Abstract
Purpose
To reveal differences in the pattern of trabecular architecture in the epiphysis and metaphysis of the proximal tibia.
Methods
The trabecular architecture of the proximal tibia was observed in 27 P45 plastinated knee specimens.
Results
In the medial and lateral condyles, under the articular cartilage surrounded by the medial or lateral meniscus, the cancellous bone is formed by thick and dense trabecular bands, which run longitudinally in the epiphysis and then pass through the epiphyseal line to terminate on the slanted cortex of the metaphysis. In the intercondylar eminence, the trabeculae are arranged basically in a network. In the central portion of the tibial metaphysis, cancellous bone consists of fine arcuate trabeculae, which extend to the anterior and posterior cortices, respectively. These trabeculae are intersected sparsely and form trusses over the medullary cavity. Near the areas of attachment of the iliotibial tract, tibial collateral ligament, anterior and posterior cruciate ligaments, and patellar ligament, the cancellous bone is locally reinforced with patchy trabeculae, dense radiating trabeculae, or two orthotropic trabecular bands.
Conclusion
This study provides further accurate anatomical information on the trabeculae of the proximal tibia.
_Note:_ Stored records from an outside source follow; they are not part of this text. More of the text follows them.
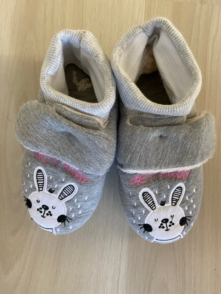 Gri renkli, nakışlı tavşan desenli, örgü detaylı ve yumuşak sıcak kumaştan kız çocuk terliği. Rahat ve gündelik stil için uygundur. 30-31 numara penti marka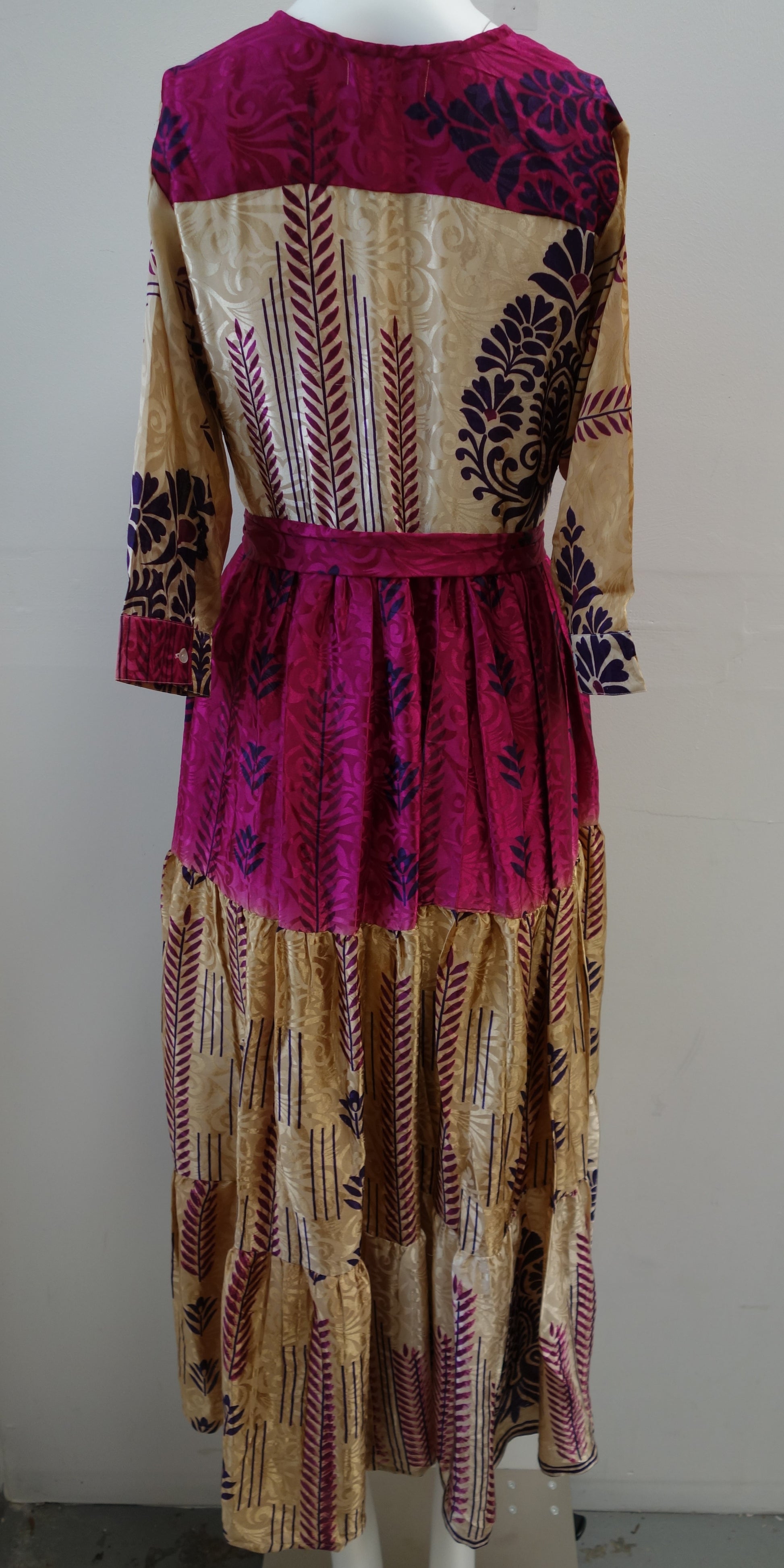 Prairie dress is made from a beautiful up-cycled vintage sari, she is super versatile with year round appeal, she is a beautiful full length prairie style dress with a V neck line with a buttoned front and a tiered skirt. Their is buttons for front opening, she has a full skirt with three tiers and 3/4 length sleeves and two deep internal side pockets.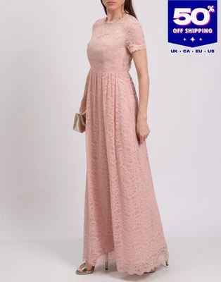 RRP €440 BY MALINA CLAIRE Lace Maxi A-Line Dress Size M Open Back Crew Neck

The soft structures of knee joint, including the articular cartilage, menisci, and ligaments, and the slanted cortices of the metaphysis are important landmarks for the location of different arrangements of the cancellous architecture. The present results are beneficial for clinical diagnosis and treatment of pathologies of the knee joint, or the establishment of a finite element analysis model of the knee joint.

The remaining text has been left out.